Drinking Plain Water in the Early Modern Period

Drinking Plain Water
in the Early Modern Period

Disease Prevention and Therapeutics

David Gentilcore

2 July 2024 – 5 PM (CEST)

The early modern period witnessed a complete shift in medical attitudes towards drinking water. In this two-part paper, I propose to compare knowledge around the consumption of common water with medical practice and the changes both underwent.

We introduce this with a brief discussion of the sorts of analyses of the “qualities of waters” that were carried out at the time, a history that has yet to be written, especially for plain or ordinary waters (as opposed to mineral or spa waters).

We shall then move on to a discussion of medical knowledge, both in theory (prevention) and in practice (therapeutics).

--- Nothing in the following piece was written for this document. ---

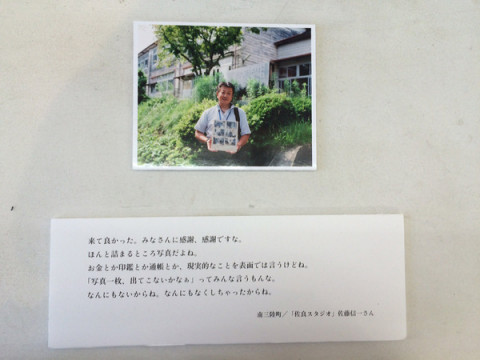 お茶会やってます。 2013年の「HAVE A NICE T!」や昨年の「FAV & PLAIN」でごいっしょし、それがあんまりおもしろかったので、勝手に同志と思っている浅田政志さん。 新著「アルバムのチカラ」の出版を記念した“お茶会”を、都立大学のテルメギャラリーで、きょう3月29日まで開催中です。 震災以降、東北沿岸部各地で自然発生的に行われている写真洗浄プロジェクト。 「アルバムのチカラ」は、そこにボランティアとして参加した、浅田さんと藤本智士さんによる、活動の記録です。 タイトルのとおり、ふつうの人たちが自分たちのために撮った写真やアルバムの力の大きさが、ひしひしと伝わってきます。 浅田さんはずっといらっしゃって、お茶のおもてなしをしてくれますので、そのときのことを、いろいろ聞かせてもらったりするのも、いいと思います。 貴重かつ、たのしい催しですので、ご興味のあるかたは、ぜひどうぞ。 2015/03/29 10:00 |

For the first, focusing on the changing use of drinking water in the prevention of disease, we shall consider printed health regimens (guides to staying healthy and living long), then a very successful literary genre.

For the second, the changing place of drinking water in medical treatment, we shall explore medical case histories and consultations, with real patients as participants, to understand how doctors put their knowledge into practice.

About the Speakers ...

David Gentilcore is Professor of Modern History at the Ca’ Foscari University of Venice, with particular interests in the history of popular religion, the history of medicine and health, and the history of food and diet. He studied history and italian studies at the University of Toronto, before taking a Master’s degree in History at McMaster University in Canada and completed his PhD at the University of Cambridge, with a thesis on the system of the sacred in southern Italy during the Counter Reformation. He has published widely on various aspects of the cultural history of medicine. His book Medical Charlatanism in Early Modern Italy (Oxford University Press, 2006) was awarded the Royal Society of Canada’s Dr Jason A. Hannah medal in 2008 and in 2012 he was awarded the Salvatore De Renzi International Prize for his contribution to the history of medicine, by the University of Salerno medical school and the Ordine dei Medici of Salerno.